◆ **EXERCISE BRIEF**:
The material below includes pictures; leave them out and return only the lines between the line containing "Kurla mein speed" and the line containing "Various types and", inclusive, word for word.

◆ **STUDY MATERIAL**:
◆ ◆ ◆
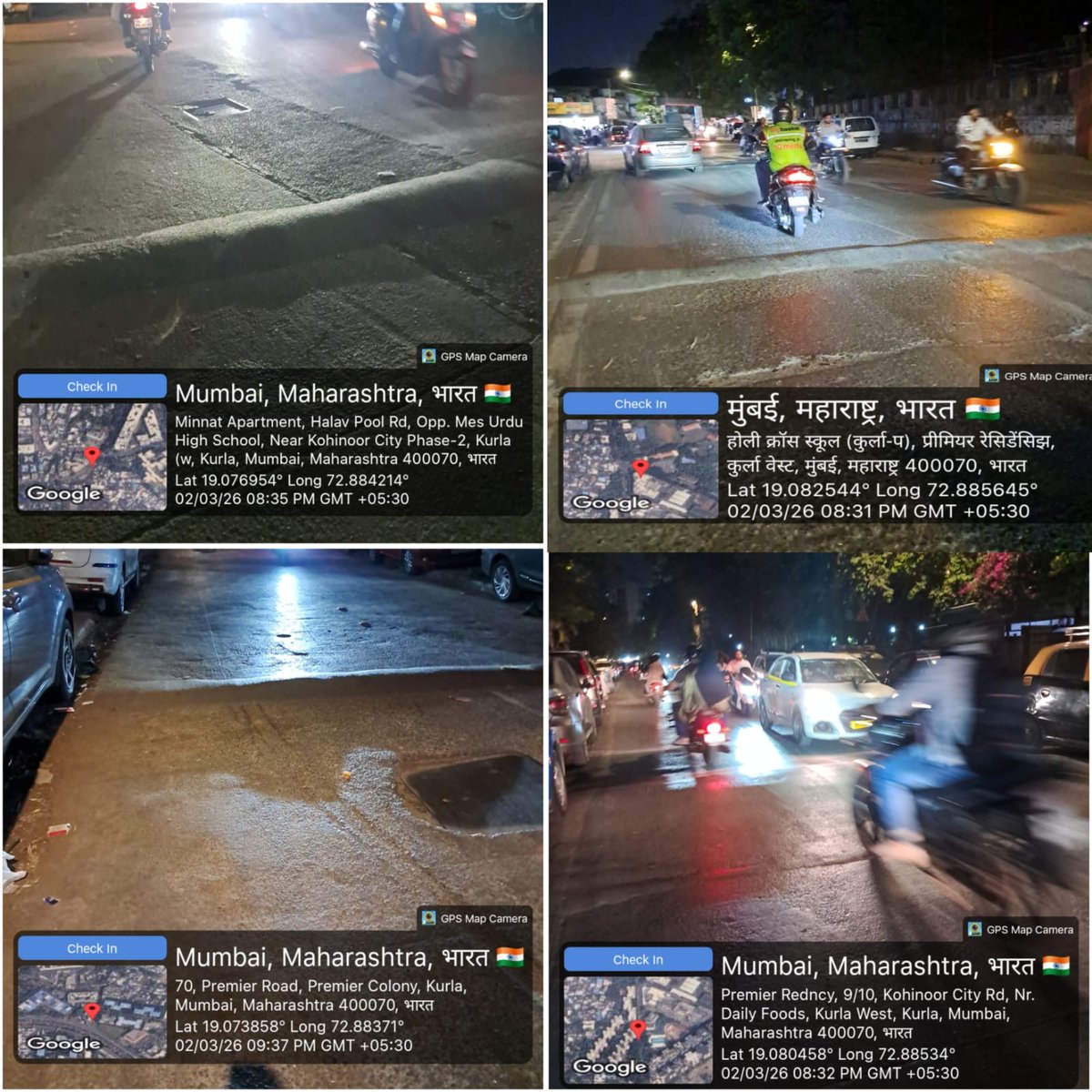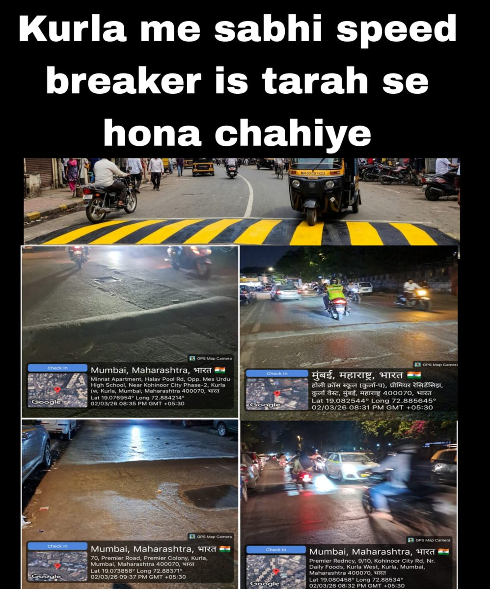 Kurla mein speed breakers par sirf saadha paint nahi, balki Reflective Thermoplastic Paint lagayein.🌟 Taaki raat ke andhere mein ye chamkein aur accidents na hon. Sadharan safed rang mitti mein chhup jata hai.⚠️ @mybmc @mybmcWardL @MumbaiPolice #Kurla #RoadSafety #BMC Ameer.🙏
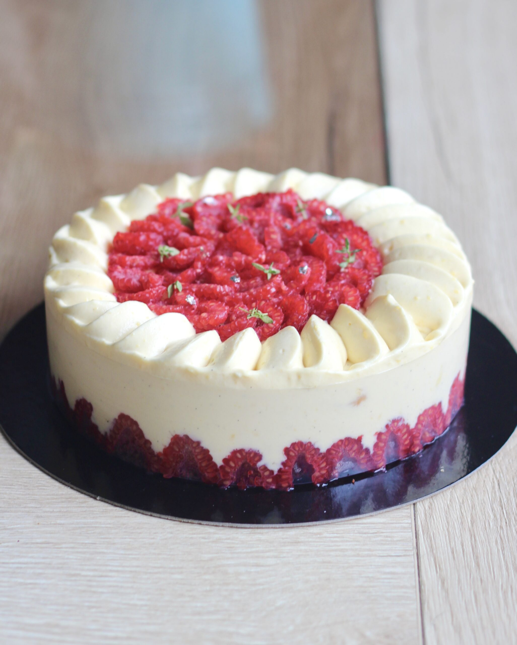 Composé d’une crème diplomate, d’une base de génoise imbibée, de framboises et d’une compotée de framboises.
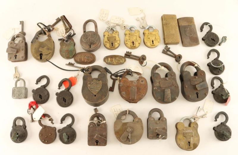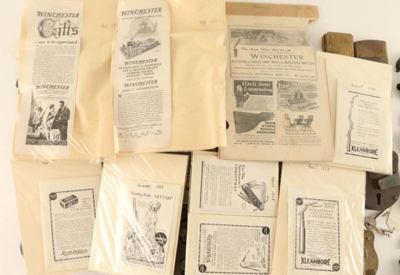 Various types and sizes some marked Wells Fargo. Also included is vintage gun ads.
◆ ◆ ◆
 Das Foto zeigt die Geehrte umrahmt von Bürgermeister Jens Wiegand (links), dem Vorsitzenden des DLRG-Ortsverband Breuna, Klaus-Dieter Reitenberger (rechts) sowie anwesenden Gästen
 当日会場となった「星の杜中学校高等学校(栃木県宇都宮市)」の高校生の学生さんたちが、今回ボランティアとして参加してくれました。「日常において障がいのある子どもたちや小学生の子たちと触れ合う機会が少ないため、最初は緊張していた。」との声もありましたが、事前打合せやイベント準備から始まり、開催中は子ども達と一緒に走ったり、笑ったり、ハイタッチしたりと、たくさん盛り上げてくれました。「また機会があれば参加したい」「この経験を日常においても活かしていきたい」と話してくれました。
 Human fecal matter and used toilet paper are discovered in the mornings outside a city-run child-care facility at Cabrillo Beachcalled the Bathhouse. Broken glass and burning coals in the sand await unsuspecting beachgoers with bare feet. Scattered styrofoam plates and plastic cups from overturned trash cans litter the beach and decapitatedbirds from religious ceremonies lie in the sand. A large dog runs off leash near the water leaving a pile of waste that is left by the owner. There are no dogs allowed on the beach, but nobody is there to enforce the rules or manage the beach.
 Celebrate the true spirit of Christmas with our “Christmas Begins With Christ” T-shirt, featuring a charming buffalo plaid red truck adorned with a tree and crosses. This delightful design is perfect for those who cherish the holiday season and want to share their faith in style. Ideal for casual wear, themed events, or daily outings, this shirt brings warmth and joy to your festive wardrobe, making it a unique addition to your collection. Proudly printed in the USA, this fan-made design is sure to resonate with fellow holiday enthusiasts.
◆ ◆ ◆
◆ **SOLVED EXERCISE**:
 Kurla mein speed breakers par sirf saadha paint nahi, balki Reflective Thermoplastic Paint lagayein.🌟 Taaki raat ke andhere mein ye chamkein aur accidents na hon. Sadharan safed rang mitti mein chhup jata hai.⚠️ @mybmc @mybmcWardL @MumbaiPolice #Kurla #RoadSafety #BMC Ameer.🙏
 Composé d’une crème diplomate, d’une base de génoise imbibée, de framboises et d’une compotée de framboises.
 Various types and sizes some marked Wells Fargo. Also included is vintage gun ads.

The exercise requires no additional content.